Когда я вернулась, мама с папой уже собирались спать.
— Ты давай не очень-то по гостям расхаживай, — немного обиженно сказал мне папа, — мы на тебя сами еще не нагляделись.
— Больше — никуда ни ногой! — легко согласилась я, потому что ужасно устала.
— Ну уж совсем никуда — это тоже нехорошо, — тут же передумал папа. — Ты лучше днем ходи по гостям, а вечера проводи с нами.
— Договорились, — сказала я радостно и, помахав им на прощание рукой, ушла в свою комнату.

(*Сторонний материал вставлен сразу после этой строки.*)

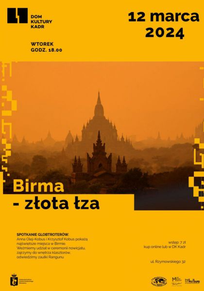 To miał być raj. Oczekiwano, iż wyzwolona z kolonializmu Birma stanie się krajem dostatnim, szczęśliwym i niepowtarzalnym. Po ponad 50 latach wojskowych rządów osiągnięto to ostanie: to kraj niepodobny do innych. W turystycznych folderach jest opisywana jako kraj tysięcy złotych pagód, nietknięty przez współczesną cywilizację. Tu kobiety wciąż malują twarze thanaką, a nim staniesz się mężczyzną – musisz zostać mnichem, bo gdy wieją wichry historii, wierność tradycji staje się busolą w życiu. Podczas pokazu wyruszymy do najświętszych miejsc, weźmiemy udział w ceremonii nowicjatu, zajrzymy do wnętrza klasztorów i poznamy codzienne życie zwykłych ludzi. Popłyniemy jeziorem Inle, odwiedzimy zaułki Rangunu, zaś kobiety Padaung opowiedzą nam, dlaczego kontynuują niezwykłą tradycję wydłużania szyi.
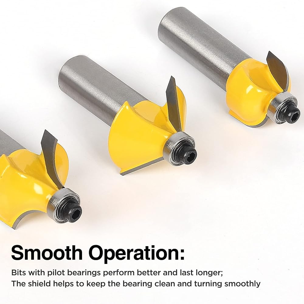 TOODLD router bit sets 12 Pieces 1/2 inch shank is the first router bits exquisite package for beginners.Universal 1/2 inch shank fits all models of routers,(either handheld or benchtop router table) such as TOOLDO, KOWOOD, Bosch, DeWalt, Makita,Milwaukee, MNA,Porter & Cable, Skil, Ryobi, Black & Decker
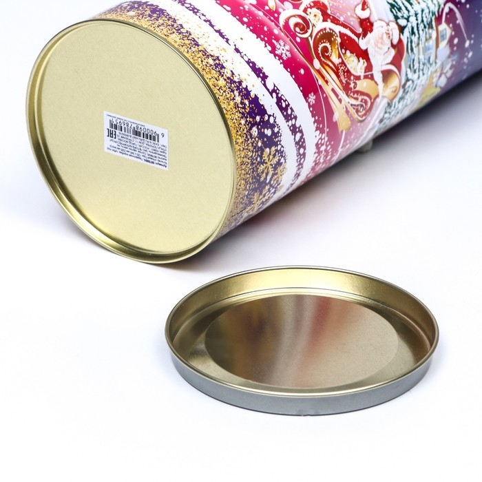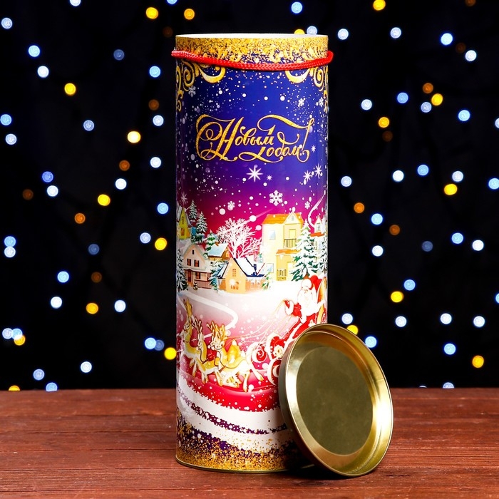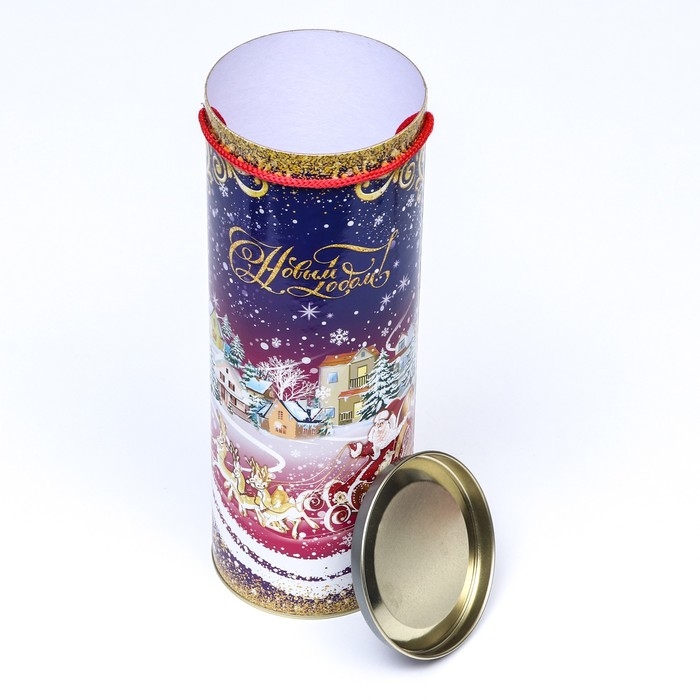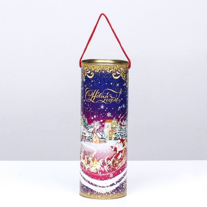 Подарочная туба выполнена из плотного картона и металла. Изделие оформлено красочным изображением. Туба оснащена крышкой. В комплект входит подвесное декоративное украшение.

Постояв немного и посмотрев на картину, я полезла в шкаф, чтобы прижать к себе вазу точно так же, как женщина на рисунке. Сразу я ее не нащупала под вещами и даже порадовалась за себя: какая, мол, я молодец, так запрятала, что ни то что мама, даже сама отыскать не могу. Однако я шарила и шарила по полке, но ничего не находила. Тогда я стала выбрасывать на пол вещи, прощупывая каждую, словно искала иголку в стоге сена. Вазы не было! Нигде не было!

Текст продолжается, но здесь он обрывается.